Zebra 3.v Songs

[Hildegard Lobach]

In the early 1970s, Jackson and Hanemann played together in a bar band called Shepherd's Bush, but in late 1974 they left Shepherd's Bush and founded a new band, Maelstrom, with Gelso on drums and Tim Thorson on keyboards.[1] The group initially was a cover band, playing Led Zeppelin and other technically proficient rock groups such as Yes, Jethro Tull, and Pink Floyd.[2]
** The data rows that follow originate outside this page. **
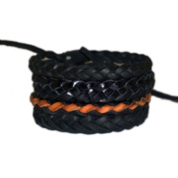 Μαύρο πλεκτό unisex δερμάτινο βραχιόλι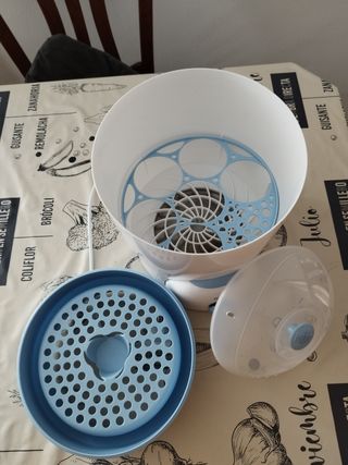 Vendo estirilizador eléctrico con vapor caliente que se dirige directamente al biberón , no requiere de productos chimicos marca Nuk en muy buen estado. Tiene una capacidad de 6 biberones y desinfección de 8 minutos
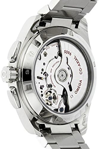 A scratch-resistant sapphire crystal protects this unique dial. The bezel is mounted on a 43 mm stainless steel case presented on a matching bracelet. This seamaster aqua terra 150M chronograph GMT is powered by the omega co-axial calibre 9605 visible through the transparent case back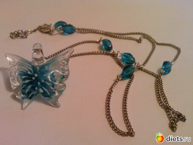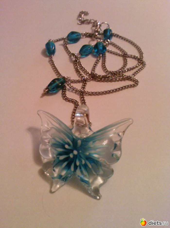 кулон на цепочке "Океаническая бабочка" кулон из стекла с объёмным рисунком внутри в виде бабочки на цепочке. цепочка с 6 бусинами из чешского стекла изумрудно-голубого цвета. длина цепочки 61 сантиметр + 5 сантиметров на удлинение, по желанию длину цепочки могу нарастить. часть средств от продажи кулона поступит на счёт благотворительной организации.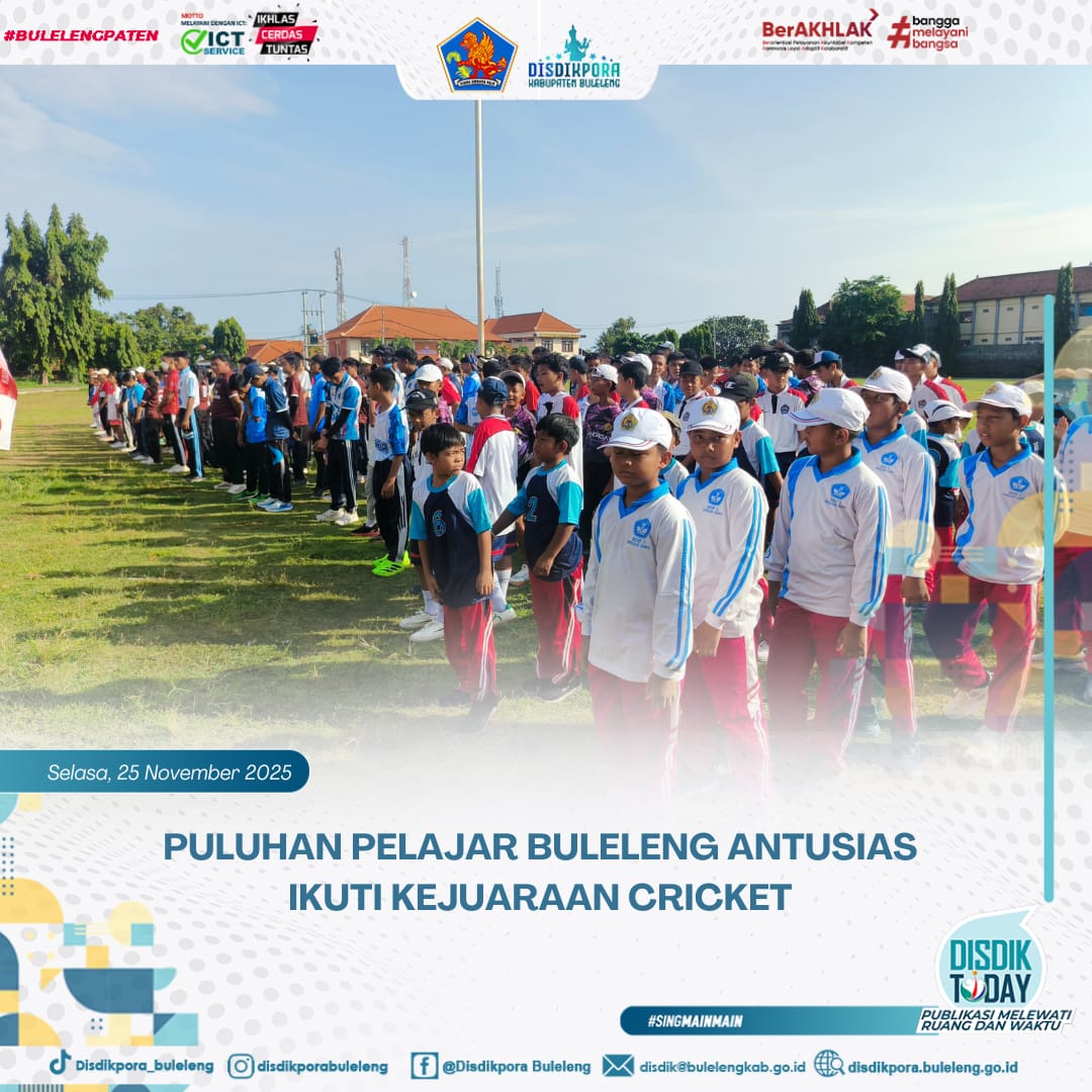 Suasana meriah dan penuh semangat menyelimuti Lapangan GOR Bhuana Patra Singaraja pada Selasa, (25/11). Puluhan siswa-siswi dari jenjang SD, SMP, dan SMA/SMK se-Kabupaten Buleleng menunjukkan antusiasme yang tinggi saat mengikuti acara pembukaan Kejuaraan Cricket Antar Pelajar Se-Kabupaten Buleleng tahun 2025.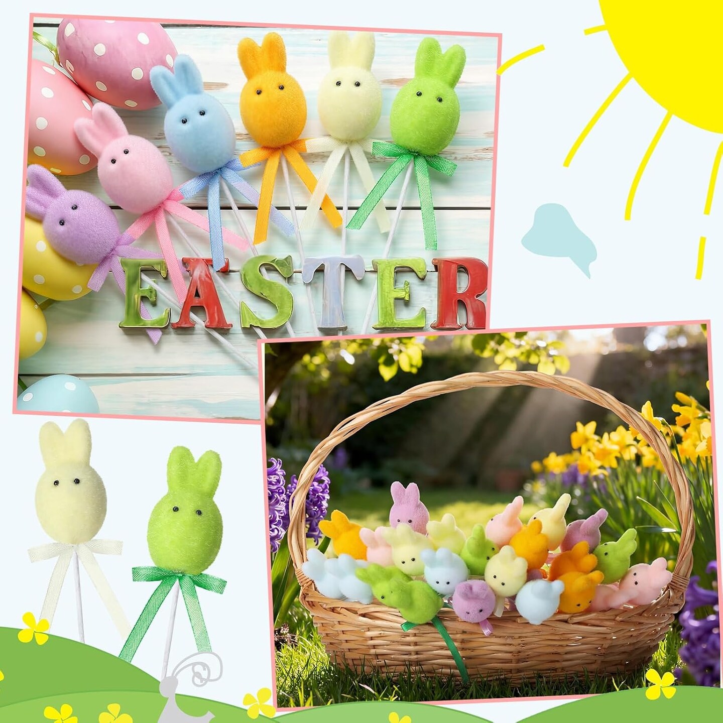 24 Pcs Easter Bunny & Pastel Egg Picks – 7" Faux Foam Stems for Spring Floral Arrangements, Easter Baskets, Centerpieces, Wreaths, and Party Decorations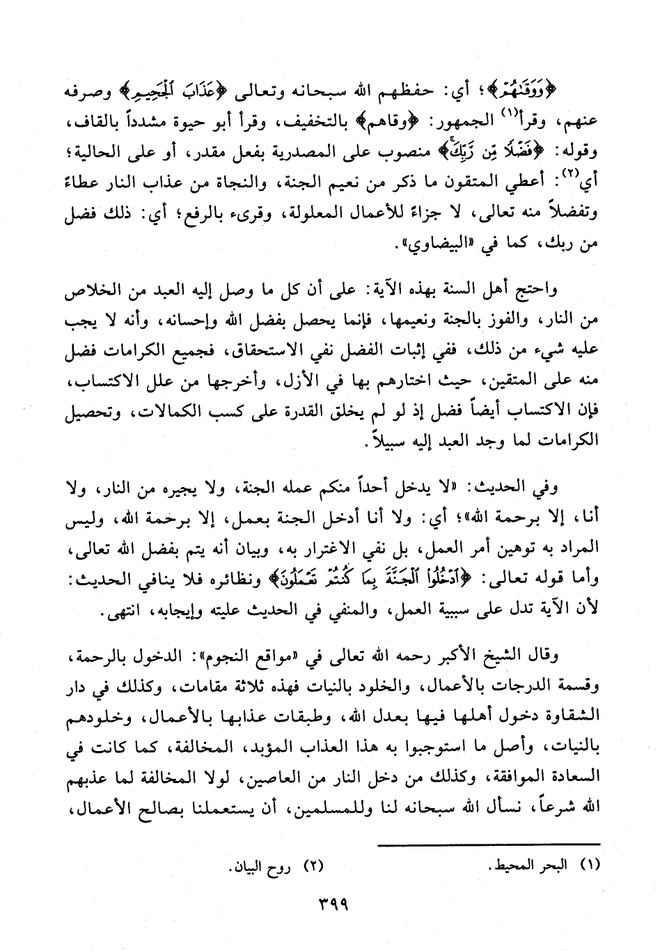 وفي الحديث: "لا يدخل أحدًا منكم عمله الجنة، ولا يجيره من النار، ولا أنا، إلا برحمة الله"؛ أي: ولا أنا أدخل الجنة بعمل، إلا برحمة الله، وليس المراد به توهين أمر العمل، بل نفي الاغترار به، وبيان أنه يتم بفضل الله تعالى، وأما قوله تعالى: {ادْخُلُوا الْجَنَّةَ بِمَا كُنْتُمْ تَعْمَلُونَ} ونظائره فلا ينافي الحديث: لأن الآية تدل على سببية العمل، والمنفي في الحديث عليته وإيجابه، انتهى.

But in February 1975, after Thorson left, the band decided to stay as a trio, with Hanemann handling keyboards as well as bass. They then adopted the name Zebra after seeing a cover of the magazine Vogue featuring a woman riding a zebra.[1] Initially based in New Orleans, they increasingly played more often on Long Island, and eventually all three members moved there to pursue success.[3] They had introduced their original material into their cover sets years before they were signed to Atlantic Records, including "The La La Song", "Free" and "Bears" (originally entitled "The Bears are Hibernating").

Zebra had been noticed by local colleges and even had some of their early original performances recorded by Long Island FM radio station WBAB, culminating in the inclusion of one of their songs on a release of "WBAB Homegrown Album", which commemorated local acts and performances culled from the station's on-air "Homegrown Hour" program.

Zebra's mainstream debut on Atlantic Records was in 1983 with their eponymous album, produced by Jack Douglas and featuring the singles "Tell Me What You Want" and "Who's Behind The Door?" The band continued to tour throughout the 1980s, but took a temporary break in the early 1990s after being dropped by Atlantic Records. Randy Jackson formed his solo band Randy Jackson's China Rain, and released its only album in the year 1991.

Zebra finally resumed playing in 1994 and released Zebra IV in 2003, their first album of all-new material since 1986. A DVD of live performances, mostly from a show at the House of Blues in New Orleans, was released in the summer of 2007.

During the first half of 2007, drummer Bobby Rondinelli filled in for Guy Gelso, who was undergoing treatment for chest cancer. Fortunately, he came through it and was back with Zebra by the end of that year.[4]

On July 10, 2010, during their 35th-anniversary performance at New Orleans' Mahalia Jackson Theater, Zebra was inducted into The Louisiana Music Hall of Fame[5] and on October 8, 2012 they were also inducted into the Long Island Music Hall of Fame.[6]

In March 2013 Zebra performed on Cruise to the Edge, a concert cruise featuring notable progressive rock bands including Yes, Steve Hackett, UK, Carl Palmer Band, Ambrosia, Saga, Nektar, Glass Hammer and IOEarth.

Although Zebra has not released any studio material since 2003's Zebra IV, the band continues to perform live, mostly in the Gulf Coast and East Coast of the United States, including New Orleans and New York City.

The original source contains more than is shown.